I loved his workshop – an amazing, beautiful mess – piles of wood, pieces of broken furniture, screws and nails in baby food jars, cans of oil and paint all stacked and organized around a ShopSmith. The smell was fantastic. He would plan something special whenever I came and we would work together building a little spice shelf for Annie, my grandmother, or fixing the basement hatch door, you know the kind that opens over a set of stairs leading down to the basement?
He loved to fix everything, so we cut, soldered, glued, bolted and screwed things back together.
This love of designing, fixing, creating has stayed with me throughout my life. The small amount of time I’ve spent in various offices always felt like something I was doing until I could get back to my real work, designing, creating and fixing with tools and material using my body, mind and imagination.

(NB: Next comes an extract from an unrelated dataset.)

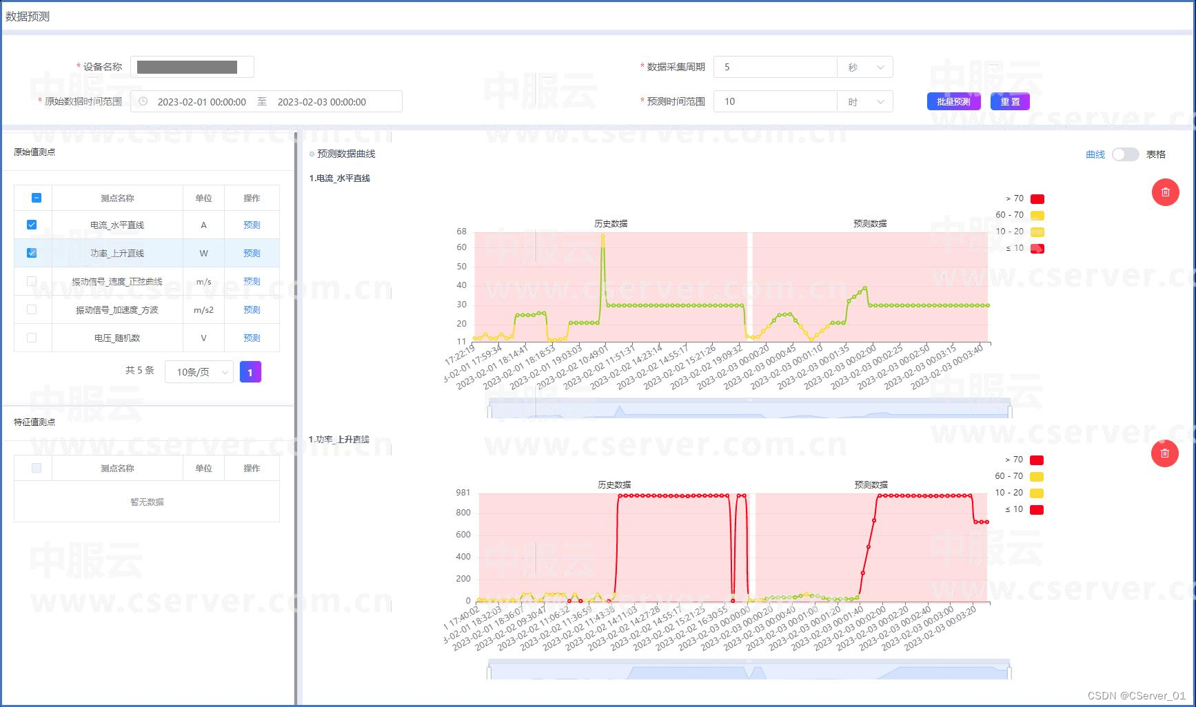根据某个测点过去一段时间的历史数据,预测未来一段时间的数据趋势,如果有问题,就发出报警提醒。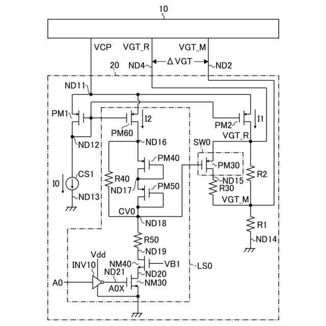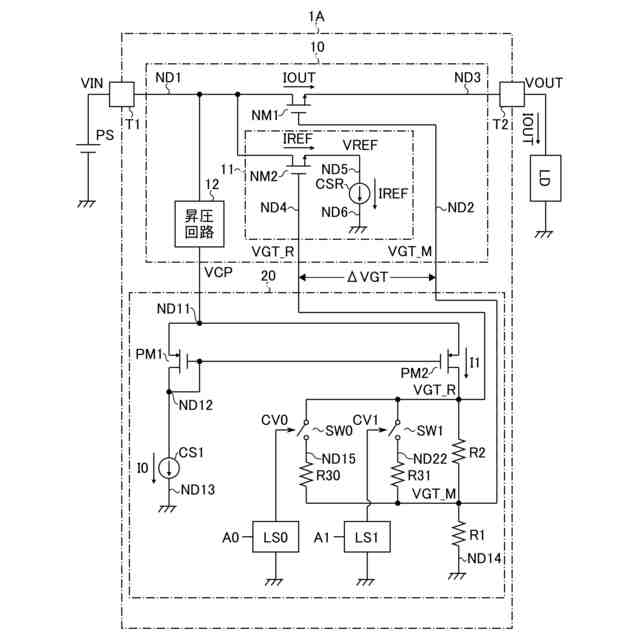 を含み、前記第1スイッチ素子の切り替えを行うことにより、前記第2トランジスタのゲート電圧と、前記第1トランジスタのゲート電圧との電圧差を調整する第2回路と

As I work, my main goal is to get out of my way and really feel, experience and notice what’s happening as I construct, Using metal, clay, wood and found objects, I usually have an overall shape in mind as I start, often inspired by an intense personal experience or a trip where I was surrounded by a new landscape. The details start appearing as the piece takes shape.
One of the most valuable gems I took away from my time with Yun Dong Nam, my professor at UNC-CH, was not to let a piece become too precious to push. As soon as I feel any kind of hesitation about trying something for fear of ruining the piece, I do it. I’ve learned so much from pushing.
How do you know how far you can go if you don’t know what’s too far?